Goal of the exercise: Exactly the lines below from the one with "ポケモン風あだ名 | 『ヒヒロエユウスケ』『ヒロゴンZ』 |" up to and including the one with "学生心理成长指导中心主任肖琼" make up the answer, with nothing else added.

(Data extracted from a collection)
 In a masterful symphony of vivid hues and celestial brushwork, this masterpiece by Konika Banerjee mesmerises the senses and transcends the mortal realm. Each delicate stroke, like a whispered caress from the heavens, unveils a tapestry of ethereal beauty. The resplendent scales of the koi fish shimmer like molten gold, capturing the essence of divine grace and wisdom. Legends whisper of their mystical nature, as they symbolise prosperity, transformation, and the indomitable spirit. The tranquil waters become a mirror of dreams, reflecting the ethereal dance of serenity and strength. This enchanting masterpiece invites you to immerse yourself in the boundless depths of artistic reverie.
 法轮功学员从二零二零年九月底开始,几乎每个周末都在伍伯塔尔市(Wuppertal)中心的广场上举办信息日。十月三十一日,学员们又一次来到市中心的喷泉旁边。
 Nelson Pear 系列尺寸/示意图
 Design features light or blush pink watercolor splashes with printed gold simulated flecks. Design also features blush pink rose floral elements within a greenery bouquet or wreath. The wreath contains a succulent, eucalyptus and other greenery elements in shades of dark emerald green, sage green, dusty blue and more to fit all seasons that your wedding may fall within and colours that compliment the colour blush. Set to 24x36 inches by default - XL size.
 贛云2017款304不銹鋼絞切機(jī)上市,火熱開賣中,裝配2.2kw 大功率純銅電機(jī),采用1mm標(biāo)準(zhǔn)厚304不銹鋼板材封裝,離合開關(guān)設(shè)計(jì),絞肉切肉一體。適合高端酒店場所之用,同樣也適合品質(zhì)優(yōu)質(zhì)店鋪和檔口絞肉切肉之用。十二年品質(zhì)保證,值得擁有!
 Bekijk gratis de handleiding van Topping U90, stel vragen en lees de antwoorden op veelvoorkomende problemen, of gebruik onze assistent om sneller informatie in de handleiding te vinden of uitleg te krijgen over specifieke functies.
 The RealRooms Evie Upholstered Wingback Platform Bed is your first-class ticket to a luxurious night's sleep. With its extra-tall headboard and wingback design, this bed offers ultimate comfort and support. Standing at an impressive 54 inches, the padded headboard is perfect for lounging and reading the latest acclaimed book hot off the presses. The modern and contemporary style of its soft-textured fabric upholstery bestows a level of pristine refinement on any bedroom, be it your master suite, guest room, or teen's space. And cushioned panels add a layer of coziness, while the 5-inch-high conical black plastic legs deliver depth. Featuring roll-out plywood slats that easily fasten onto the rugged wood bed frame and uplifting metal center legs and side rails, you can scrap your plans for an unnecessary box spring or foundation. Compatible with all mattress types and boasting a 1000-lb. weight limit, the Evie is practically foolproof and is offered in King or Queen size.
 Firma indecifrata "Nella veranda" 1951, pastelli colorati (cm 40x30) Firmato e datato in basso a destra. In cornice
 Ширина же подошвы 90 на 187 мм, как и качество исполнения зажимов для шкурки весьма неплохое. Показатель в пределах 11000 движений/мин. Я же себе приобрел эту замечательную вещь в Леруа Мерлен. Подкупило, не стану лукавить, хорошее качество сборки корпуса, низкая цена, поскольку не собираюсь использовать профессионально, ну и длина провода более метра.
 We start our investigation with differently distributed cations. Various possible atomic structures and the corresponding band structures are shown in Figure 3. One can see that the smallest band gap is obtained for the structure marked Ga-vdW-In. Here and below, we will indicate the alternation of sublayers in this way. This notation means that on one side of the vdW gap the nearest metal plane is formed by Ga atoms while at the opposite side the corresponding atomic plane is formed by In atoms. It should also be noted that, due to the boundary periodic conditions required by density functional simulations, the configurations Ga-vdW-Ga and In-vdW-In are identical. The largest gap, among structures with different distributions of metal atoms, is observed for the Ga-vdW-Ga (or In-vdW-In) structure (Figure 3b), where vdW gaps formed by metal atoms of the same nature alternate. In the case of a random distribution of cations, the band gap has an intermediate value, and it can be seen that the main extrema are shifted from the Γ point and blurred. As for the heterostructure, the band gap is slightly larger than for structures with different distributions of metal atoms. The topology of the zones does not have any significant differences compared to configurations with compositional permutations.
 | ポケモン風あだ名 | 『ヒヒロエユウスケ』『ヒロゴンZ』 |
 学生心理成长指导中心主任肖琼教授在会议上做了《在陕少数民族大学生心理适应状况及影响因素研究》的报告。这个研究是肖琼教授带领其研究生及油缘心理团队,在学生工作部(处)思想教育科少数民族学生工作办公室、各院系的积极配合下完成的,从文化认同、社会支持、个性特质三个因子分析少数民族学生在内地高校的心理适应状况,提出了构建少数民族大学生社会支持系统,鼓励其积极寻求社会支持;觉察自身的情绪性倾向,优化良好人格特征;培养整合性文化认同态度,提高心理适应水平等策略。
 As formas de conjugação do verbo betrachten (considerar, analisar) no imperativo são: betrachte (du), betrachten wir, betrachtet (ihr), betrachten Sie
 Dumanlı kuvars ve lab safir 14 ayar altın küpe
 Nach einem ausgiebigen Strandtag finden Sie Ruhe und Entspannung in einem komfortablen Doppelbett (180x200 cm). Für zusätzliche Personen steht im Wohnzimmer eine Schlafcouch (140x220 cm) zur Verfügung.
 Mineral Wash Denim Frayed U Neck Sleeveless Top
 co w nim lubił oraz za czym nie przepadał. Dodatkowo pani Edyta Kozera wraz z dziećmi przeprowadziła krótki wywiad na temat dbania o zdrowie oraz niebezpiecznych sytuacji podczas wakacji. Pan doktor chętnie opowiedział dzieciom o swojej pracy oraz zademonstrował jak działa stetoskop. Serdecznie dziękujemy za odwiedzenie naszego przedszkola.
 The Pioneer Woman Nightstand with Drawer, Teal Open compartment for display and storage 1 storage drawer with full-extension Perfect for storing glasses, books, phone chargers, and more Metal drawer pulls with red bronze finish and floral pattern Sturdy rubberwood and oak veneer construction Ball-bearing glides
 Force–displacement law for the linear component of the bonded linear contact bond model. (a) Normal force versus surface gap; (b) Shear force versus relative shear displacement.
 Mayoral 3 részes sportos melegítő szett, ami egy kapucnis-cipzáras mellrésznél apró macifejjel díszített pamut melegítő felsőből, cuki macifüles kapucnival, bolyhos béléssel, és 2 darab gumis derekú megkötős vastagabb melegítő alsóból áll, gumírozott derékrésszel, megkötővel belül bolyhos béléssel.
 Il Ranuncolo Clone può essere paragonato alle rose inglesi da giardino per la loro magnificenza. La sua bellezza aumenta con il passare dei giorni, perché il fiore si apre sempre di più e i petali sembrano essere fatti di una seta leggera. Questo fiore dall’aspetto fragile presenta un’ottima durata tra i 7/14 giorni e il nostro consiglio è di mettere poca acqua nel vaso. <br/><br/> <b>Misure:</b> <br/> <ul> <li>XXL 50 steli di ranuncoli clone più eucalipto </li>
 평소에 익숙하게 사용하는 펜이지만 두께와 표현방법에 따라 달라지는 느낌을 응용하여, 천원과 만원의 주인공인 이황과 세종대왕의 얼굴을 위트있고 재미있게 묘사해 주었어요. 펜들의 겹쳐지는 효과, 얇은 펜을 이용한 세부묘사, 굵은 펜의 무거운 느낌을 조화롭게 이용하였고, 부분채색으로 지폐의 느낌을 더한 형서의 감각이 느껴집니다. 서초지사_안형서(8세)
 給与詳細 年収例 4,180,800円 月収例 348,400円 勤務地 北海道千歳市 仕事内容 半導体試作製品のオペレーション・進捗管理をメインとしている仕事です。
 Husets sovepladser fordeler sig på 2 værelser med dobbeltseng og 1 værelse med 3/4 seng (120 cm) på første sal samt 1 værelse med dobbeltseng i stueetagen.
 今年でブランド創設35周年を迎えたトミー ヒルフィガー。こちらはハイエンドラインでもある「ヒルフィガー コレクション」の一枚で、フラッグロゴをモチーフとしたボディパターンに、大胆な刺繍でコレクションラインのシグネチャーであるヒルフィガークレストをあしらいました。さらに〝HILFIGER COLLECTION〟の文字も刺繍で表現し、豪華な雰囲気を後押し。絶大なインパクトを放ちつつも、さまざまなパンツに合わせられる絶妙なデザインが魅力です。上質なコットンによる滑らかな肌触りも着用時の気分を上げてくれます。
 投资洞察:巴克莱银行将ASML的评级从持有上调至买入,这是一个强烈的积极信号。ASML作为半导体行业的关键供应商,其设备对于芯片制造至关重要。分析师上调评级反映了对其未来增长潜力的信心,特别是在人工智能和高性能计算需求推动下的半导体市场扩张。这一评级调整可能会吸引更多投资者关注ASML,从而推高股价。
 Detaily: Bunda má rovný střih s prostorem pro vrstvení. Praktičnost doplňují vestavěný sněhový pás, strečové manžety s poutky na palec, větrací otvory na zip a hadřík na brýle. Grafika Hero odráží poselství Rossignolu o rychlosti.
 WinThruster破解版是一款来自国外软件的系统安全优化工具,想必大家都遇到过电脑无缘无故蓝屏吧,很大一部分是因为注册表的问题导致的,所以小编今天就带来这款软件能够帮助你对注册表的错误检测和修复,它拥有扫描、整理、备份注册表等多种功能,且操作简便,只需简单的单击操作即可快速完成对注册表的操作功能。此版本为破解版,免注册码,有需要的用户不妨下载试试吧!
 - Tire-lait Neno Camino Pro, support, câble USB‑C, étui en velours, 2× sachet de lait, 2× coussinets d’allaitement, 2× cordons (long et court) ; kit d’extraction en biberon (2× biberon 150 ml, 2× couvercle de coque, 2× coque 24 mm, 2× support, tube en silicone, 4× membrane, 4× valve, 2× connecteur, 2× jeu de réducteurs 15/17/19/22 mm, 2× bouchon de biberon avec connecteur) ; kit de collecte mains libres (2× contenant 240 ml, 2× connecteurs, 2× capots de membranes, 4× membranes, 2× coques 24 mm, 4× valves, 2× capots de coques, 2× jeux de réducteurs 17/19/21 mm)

Answer to this exercise:
 | ポケモン風あだ名 | 『ヒヒロエユウスケ』『ヒロゴンZ』 |
 学生心理成长指导中心主任肖琼教授在会议上做了《在陕少数民族大学生心理适应状况及影响因素研究》的报告。这个研究是肖琼教授带领其研究生及油缘心理团队,在学生工作部(处)思想教育科少数民族学生工作办公室、各院系的积极配合下完成的,从文化认同、社会支持、个性特质三个因子分析少数民族学生在内地高校的心理适应状况,提出了构建少数民族大学生社会支持系统,鼓励其积极寻求社会支持;觉察自身的情绪性倾向,优化良好人格特征;培养整合性文化认同态度,提高心理适应水平等策略。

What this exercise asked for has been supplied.